Figure 1. Hospital Process Composite Performance Scores.
Frequency distribution of hospital process composite performance scores in GWTG-R cohort Abbreviations: GWTG-R, Get With The Guidelines-Resuscitation
Table 1 shows the variation in use of individual guideline-recommended IHCA process quality of care measures among patients in our cohort. Hospitals in the highest quartile for the process composite performance had significantly higher adherence to all individual guideline measures for IHCA compared with hospitals in other quartiles.
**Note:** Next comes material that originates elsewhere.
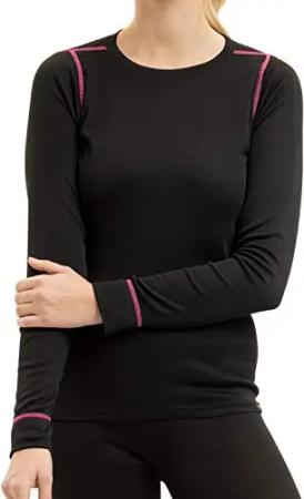 Damen Ski- & Thermo Hemd - warme Unterwäsche Langarm POLARDRY - Schwarz-Pink XL

There was significant variability in adherence to guideline-recommended IHCA process quality of care measures. The greatest increase across quartiles for hospital performance of individual measures was seen for confirmation of endotracheal tube placement (70.8% in quartile [Q]1 to 94.3% in Q4, p=0.014) and first defibrillation shock ≤2 minutes for VT/VF (49.4% in Q1 to 66.5% in Q4, p=0.01). The measures with both the greatest overall adherence and the lowest degree of variance (although significant) were: 1) monitored or witnessed cardiac events (p-value for increase across quartiles=0.004) and 2) time to first compressions ≤1 minute (p-value for increase across quartiles=0.014; Table 1).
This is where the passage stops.